* [RECORDS SUPPLIED]:
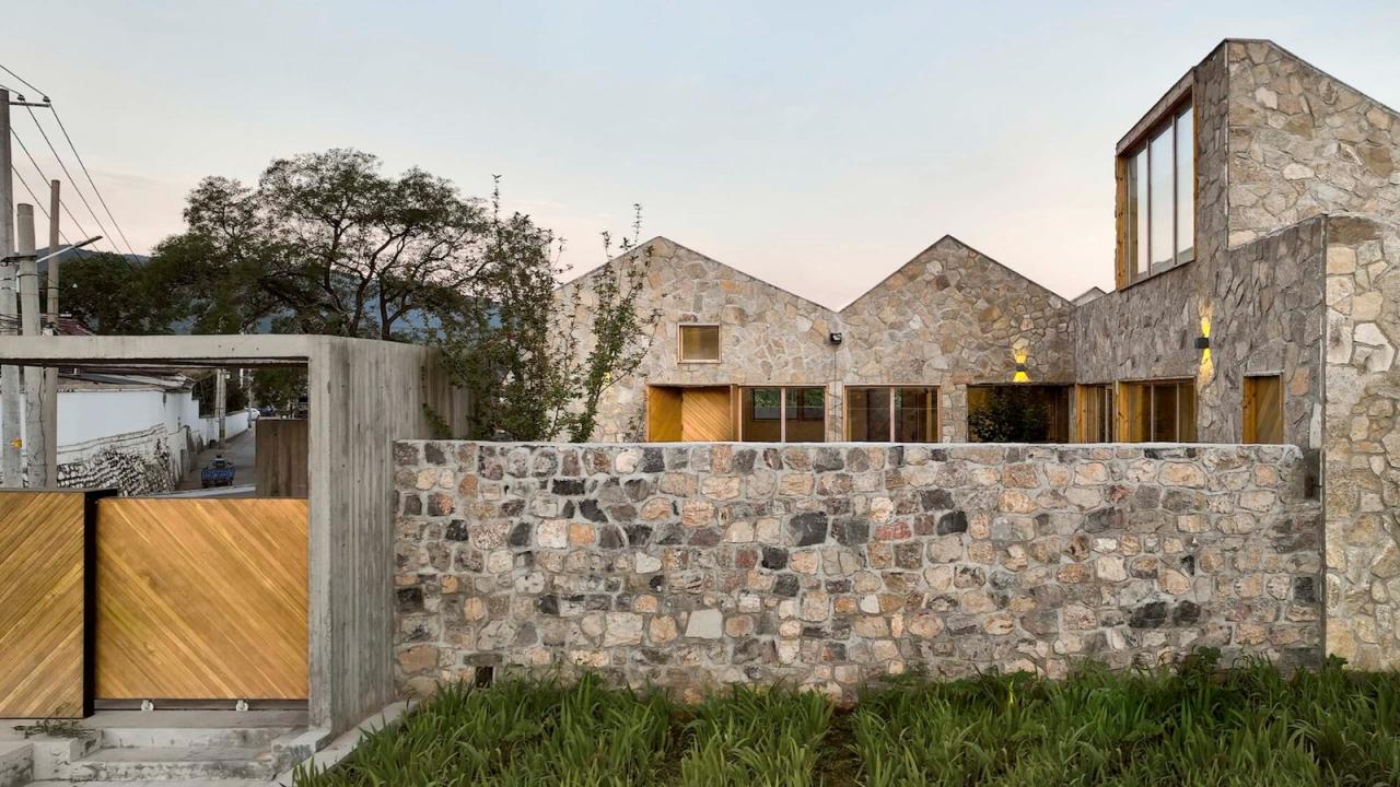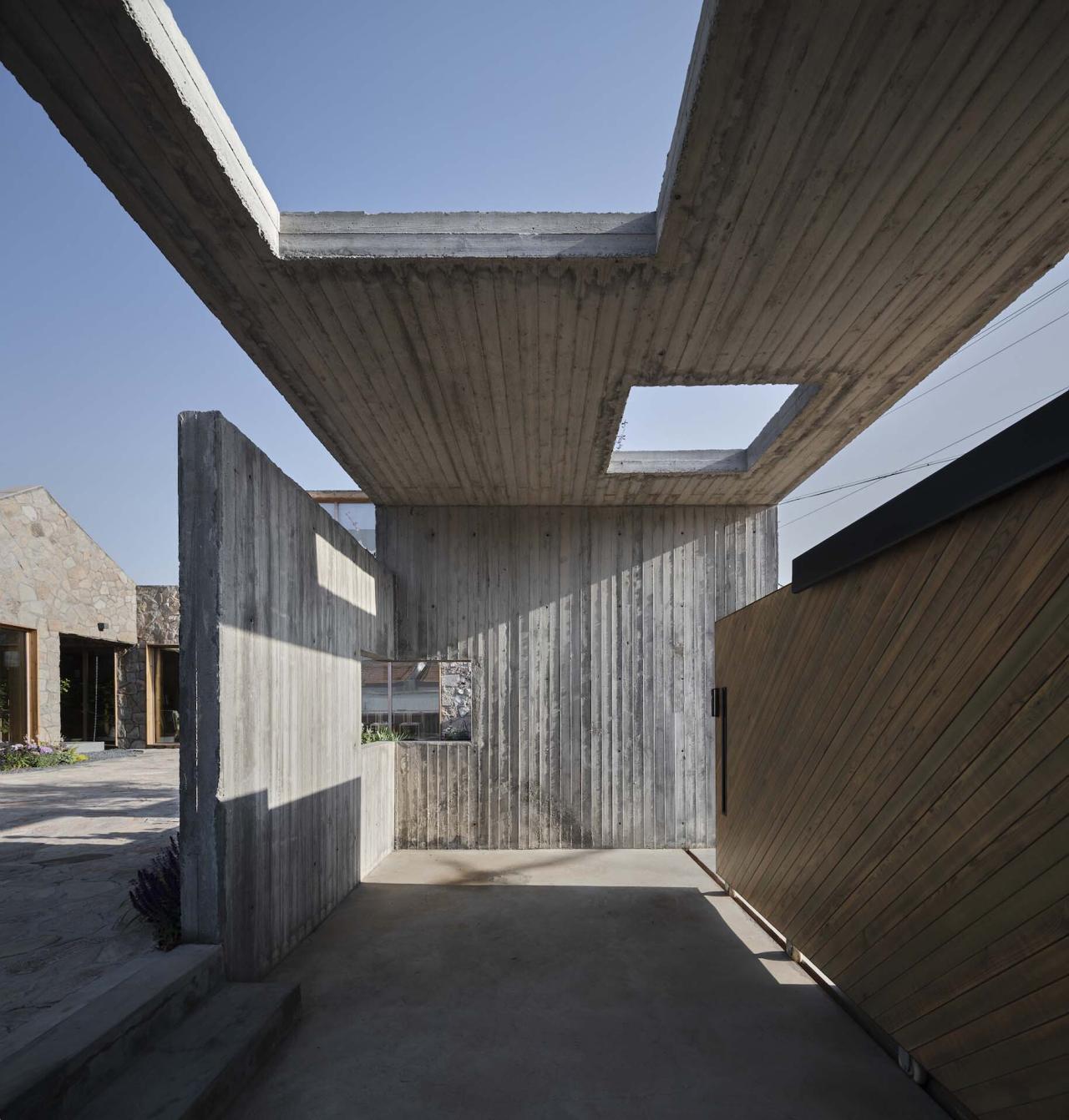 材料使用设计采用了片岩作为折山院的建筑外墙和景观地面材料,结合着土法砌筑的毛石围墙,让建筑、景观和环境浑然一体,也希望能够因此延续中国北方山区乡村原有的粗犷有力的建筑性格。折山院的入口是一个放大了的雨棚,采用小块木模板的混凝土一次性浇筑完成,在增加了粗野感的同时,在色彩上与村里普遍使用的灰白色围墙产生呼应。
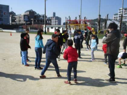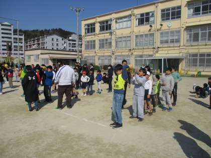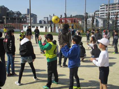 たてわりグループで協力し、1年生から6年生まで楽しくボールをつないでゲームに参加することができました。
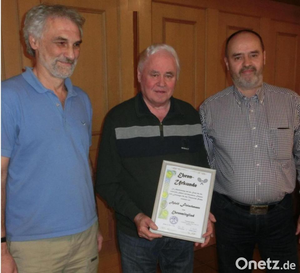 Eine ehrenvolle Aufgabe kam Werner Lang und Willi Anhalt zu: Für seine besonderen Verdienste und seinen unermüdlichen Einsatz bei der Gründung des Vereins, beim Bau des Tennisheimes und auch als langjähriger Aktiver wurde Gründungsmitglied Adolf Fleischmann zum Ehrenmitglied der Sparte ernannt. Dies erfolgte auf einstimmigen Beschluss der Spartenleitung.
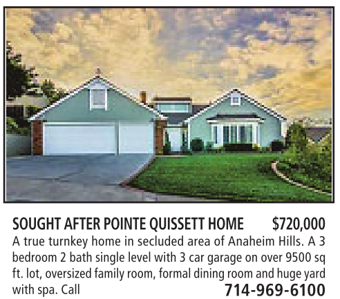 SOUGHT AFTERPOINTE QUISSETT HOME $720,000 Atrue turnkey home in secluded area of Anaheim Hills. A3
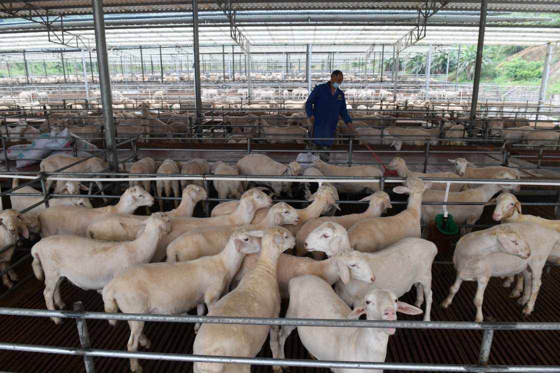 在廣西東蘭縣武篆鎮(zhèn)東里村澳寒羊養(yǎng)殖基地,工作人員在清理羊舍(5月6日攝)。新華社記者 陸波岸 攝
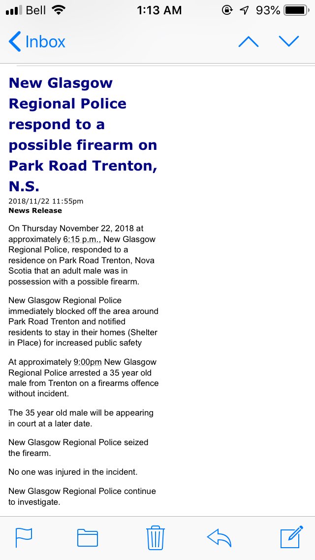 New Glasgow Police On Twitter Ngrp News Release 2018 11 22 11 55pm Trenton N S
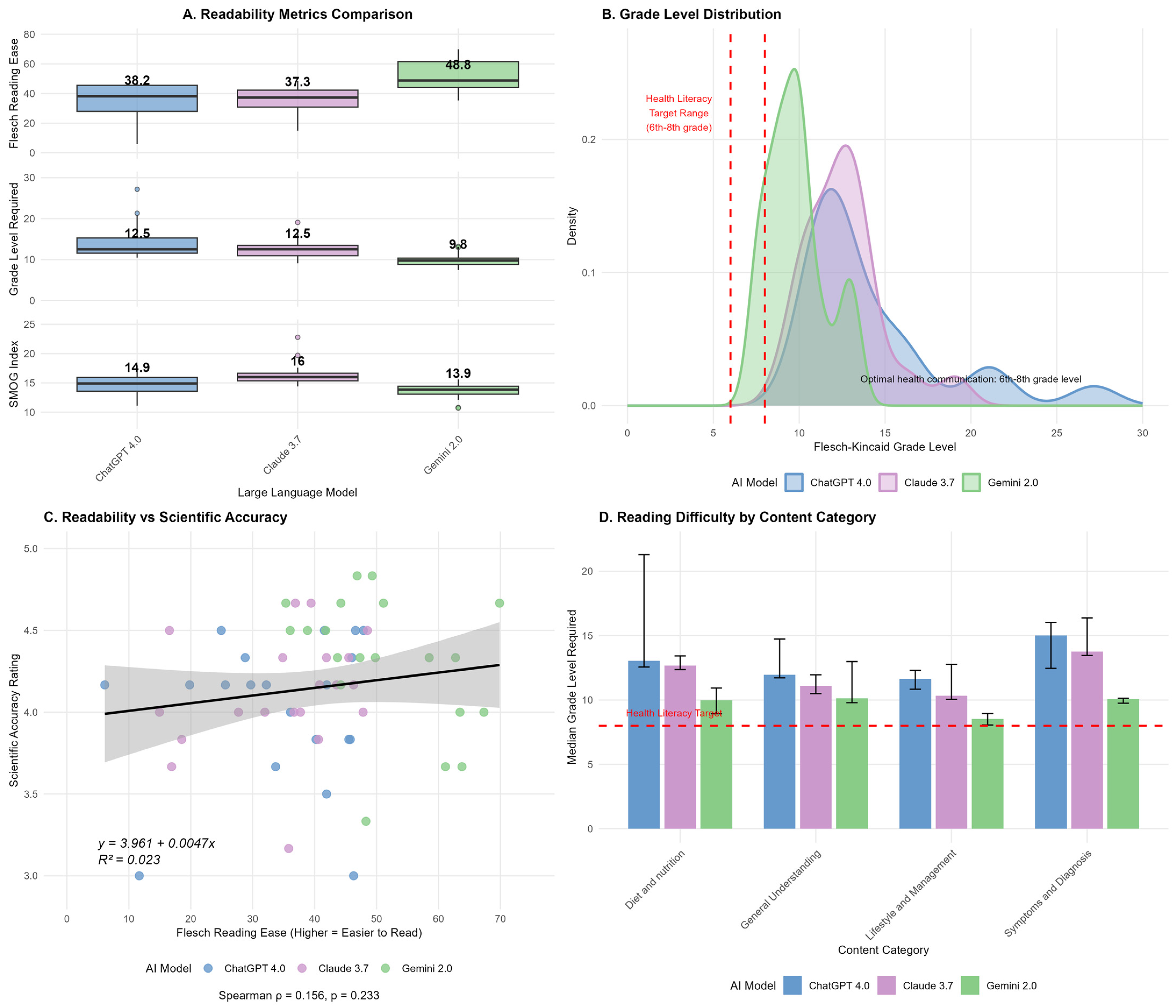 - Readability analysis: Objective linguistic assessment was performed using validated computational readability metrics:
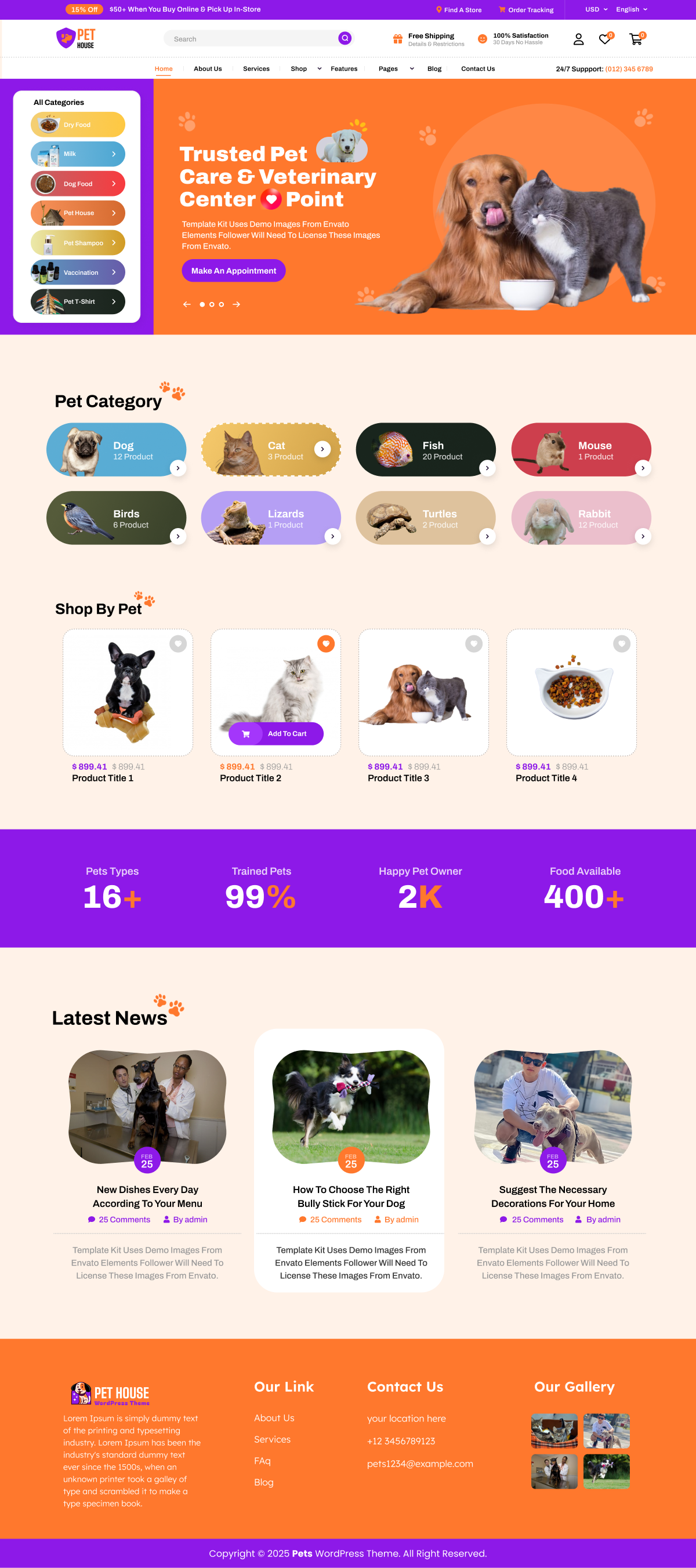 The Pet Shop Theme is carefully designed to help pet shops, animal clinics, grooming centers, and passionate pet lovers create a stunning online presence quickly and easily. With its highly intuitive and user-friendly interface, lightweight structure, and fully mobile-responsive design, this theme ensures your website looks professional on all devices without any technical hassle. Built on the powerful Full Site Editing (FSE) framework, it provides complete flexibility, allowing you to customize layouts, headers, footers, colors, fonts, and sections effortlessly. Whether you want to showcase a variety of pet products, promote animal adoption programs, or run a comprehensive pet grooming service, the Pet Shop Theme delivers unmatched performance and versatility. Even users with no coding knowledge can make their website visually appealing, engaging, and functional with this fully customizable theme.
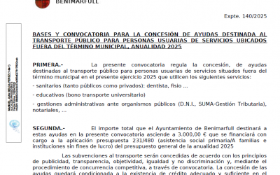 Bases para LA CONCESIÓN DE AYUDAS DESTINADA AL TRANSPORTE PÚBLICO PARA PERSONAS USUARIAS DE SERVICIOS UBICADOS FUERA DEL TÉRMINO MUNICIPAL, ANUALIDAD 2025

* [ASSIGNED TASK]:
Extract, word for word, every line from the one holding "たてわりグループで協力し、1" through the closing line of the data above. Do not include any pictures.

* [EXPECTED OUTPUT]:
 たてわりグループで協力し、1年生から6年生まで楽しくボールをつないでゲームに参加することができました。
 Eine ehrenvolle Aufgabe kam Werner Lang und Willi Anhalt zu: Für seine besonderen Verdienste und seinen unermüdlichen Einsatz bei der Gründung des Vereins, beim Bau des Tennisheimes und auch als langjähriger Aktiver wurde Gründungsmitglied Adolf Fleischmann zum Ehrenmitglied der Sparte ernannt. Dies erfolgte auf einstimmigen Beschluss der Spartenleitung.
 SOUGHT AFTERPOINTE QUISSETT HOME $720,000 Atrue turnkey home in secluded area of Anaheim Hills. A3
 在廣西東蘭縣武篆鎮(zhèn)東里村澳寒羊養(yǎng)殖基地,工作人員在清理羊舍(5月6日攝)。新華社記者 陸波岸 攝
 New Glasgow Police On Twitter Ngrp News Release 2018 11 22 11 55pm Trenton N S
 - Readability analysis: Objective linguistic assessment was performed using validated computational readability metrics:
 The Pet Shop Theme is carefully designed to help pet shops, animal clinics, grooming centers, and passionate pet lovers create a stunning online presence quickly and easily. With its highly intuitive and user-friendly interface, lightweight structure, and fully mobile-responsive design, this theme ensures your website looks professional on all devices without any technical hassle. Built on the powerful Full Site Editing (FSE) framework, it provides complete flexibility, allowing you to customize layouts, headers, footers, colors, fonts, and sections effortlessly. Whether you want to showcase a variety of pet products, promote animal adoption programs, or run a comprehensive pet grooming service, the Pet Shop Theme delivers unmatched performance and versatility. Even users with no coding knowledge can make their website visually appealing, engaging, and functional with this fully customizable theme.
 Bases para LA CONCESIÓN DE AYUDAS DESTINADA AL TRANSPORTE PÚBLICO PARA PERSONAS USUARIAS DE SERVICIOS UBICADOS FUERA DEL TÉRMINO MUNICIPAL, ANUALIDAD 2025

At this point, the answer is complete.